A numeric value (>=1) that controls how far the plot is extended beyond the largest observed value in y. The default value is 1.2, which corresponds to 20 % extrapolation. Note that all posterior predictive draws may not be shown by default because of the controlled extrapolation. To display all posterior predictive draws, set extrapolation_factor = Inf.

size, alpha

Passed to the appropriate geom to control the appearance of the yrep distributions.

group

A grouping variable of the same length as y. Will be coerced to factor if not already a factor. Each value in group is interpreted as the group level pertaining to the corresponding observation.

Value

A ggplot object that can be further customized using the ggplot2 package.

Plot Descriptions

ppc_km_overlay()

Empirical CCDF estimates of each dataset (row) in yrep are overlaid, with the Kaplan-Meier estimate (Kaplan and Meier, 1958) for y itself on top (and in a darker shade). This is a PPC suitable for right-censored y. Note that the replicated data from yrep is assumed to be uncensored. Left truncation (delayed entry) times for y can be specified using left_truncation_y.

ppc_km_overlay_grouped()

The same as ppc_km_overlay(), but with separate facets by group.

References

Gelman, A., Carlin, J. B., Stern, H. S., Dunson, D. B., Vehtari, A., and Rubin, D. B. (2013). Bayesian Data Analysis. Chapman & Hall/CRC Press, London, third edition. (Ch. 6)

Kaplan, E. L. and Meier, P. (1958). Nonparametric estimation from incomplete observations. Journal of the American Statistical Association. 53(282), 457–481. doi:10.1080/01621459.1958.10501452.

Examples

# \donttest{
color_scheme_set("brightblue")

# For illustrative purposes, (right-)censor values y > 110:
y <- example_y_data()
status_y <- as.numeric(y <= 110)
y <- pmin(y, 110)

# In reality, the replicated data (yrep) would be obtained from a
# model which takes the censoring of y properly into account. Here,
# for illustrative purposes, we simply use example_yrep_draws():
yrep <- example_yrep_draws()
dim(yrep)
#> [1] 500 434

# Overlay 25 curves
ppc_km_overlay(y, yrep[1:25, ], status_y = status_y)
#> Note: `extrapolation_factor` now defaults to 1.2 (20%).
#> To display all posterior predictive draws, set `extrapolation_factor = Inf`.

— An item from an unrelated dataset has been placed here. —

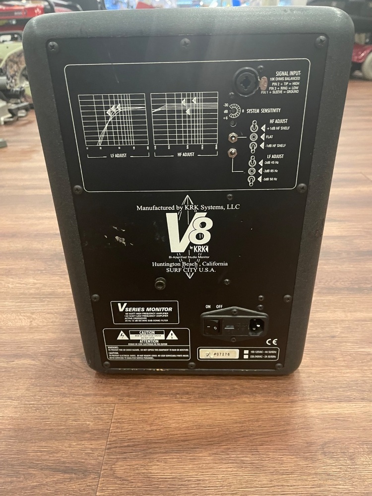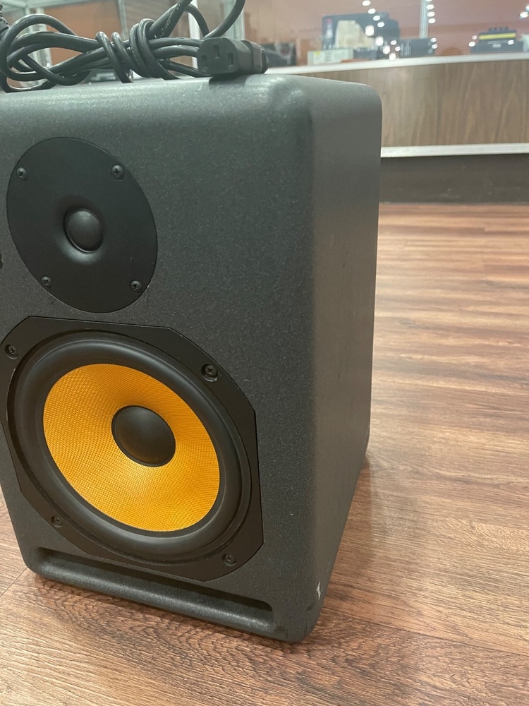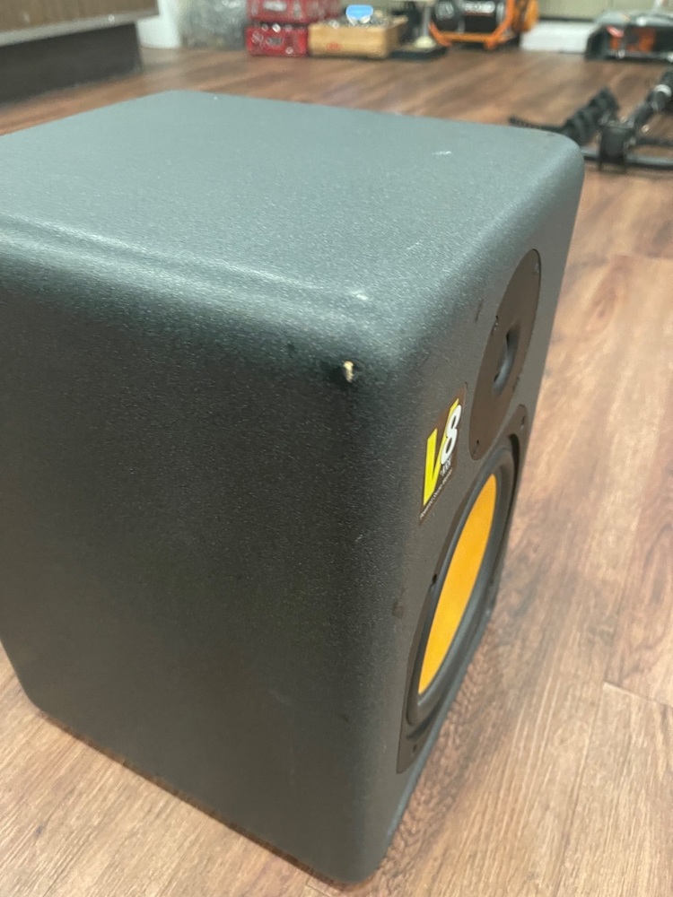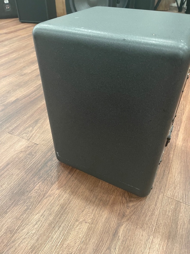 This is a good working speaker that functions as it should. Includes power cord. The speaker does show signs of wear. There are some dings and scratches present. There is some scuffs and dings to the corners. Please see pictures for details.

# With extrapolation_factor = 1 (no extrapolation)
ppc_km_overlay(y, yrep[1:25, ], status_y = status_y, extrapolation_factor = 1)


# With extrapolation_factor = Inf (show all posterior predictive draws)
ppc_km_overlay(y, yrep[1:25, ], status_y = status_y, extrapolation_factor = Inf)

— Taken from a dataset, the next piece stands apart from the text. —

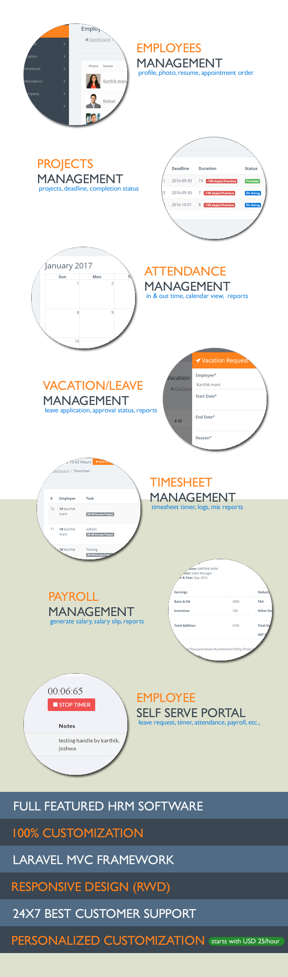 Version 1.8 - 25.03.2023 --------------------------------------------------------------------------- *Fixed - Version Compatible with PHP 8, Removed Deprecated Packages *Upgraded - Laravel 8 Version 1.6 - 06.10.2020 --------------------------------------------------------------------------- *Fixed - Minor Bugs, UI FixesInput, Image Bugs, Database fields *Added - Complete Localizaton Added, French Language Added. Version 1.4 - 17.12.2019 --------------------------------------------------------------------------- *Fixed - Input, Image Bugs, Database fields *Revamped - Admin Dashboard, Overall Table style, *Added - Admin Email Change option, Dashboard Time chart Update Instructions: --------------------------------------------------------------------------- * Replace App, Config, Resources,Public and Vendor folders Version 1.3 - 21.11.2019 --------------------------------------------------------------------------- *Updated - PHP 7 (compatible with all newer PHP versions) *Updated - Laravel 5.2 *Fixed - Timer *Enriched PaySlips and Appointment letters *Revamped UI Update Instructions: --------------------------------------------------------------------------- * Replace App, Config, Resources,Public and Vendor folders * Replace composer.json & composer.lock Version 1.2 - 20.11.2018 --------------------------------------------------------------------------- *Fixed - Minor Bugs Update Instructions: --------------------------------------------------------------------------- * Replace App, Resources,Public and Vendor folders * Replace composer.json & composer.lock Version 1.1 - 02.02.2017 --------------------------------------------------------------------------- UI Changes Fixed Bugs Update Instructions: --------------------------------------------------------------------------- * Replace App, Resources,Public and Vendor folders * Replace composer.json & composer.lock Version 1.0 - 04.10.2016 --------------------------------------------------------------------------- First Release

# With separate facets by group:
group <- example_group_data()
ppc_km_overlay_grouped(y, yrep[1:25, ], group = group, status_y = status_y)
#> Note: `extrapolation_factor` now defaults to 1.2 (20%).
#> To display all posterior predictive draws, set `extrapolation_factor = Inf`.


# With left-truncation (delayed entry) times:
min_vals <- pmin(y, apply(yrep, 2, min))
left_truncation_y <- rep(0, length(y))
condition <- y > mean(y) / 2
left_truncation_y[condition] <- pmin(
  runif(sum(condition), min = 0.6, max = 0.99) * y[condition],
  min_vals[condition] - 0.001
)
ppc_km_overlay(y, yrep[1:25, ], status_y = status_y,
              left_truncation_y = left_truncation_y)
#> Note: `extrapolation_factor` now defaults to 1.2 (20%).
#> To display all posterior predictive draws, set `extrapolation_factor = Inf`.

# }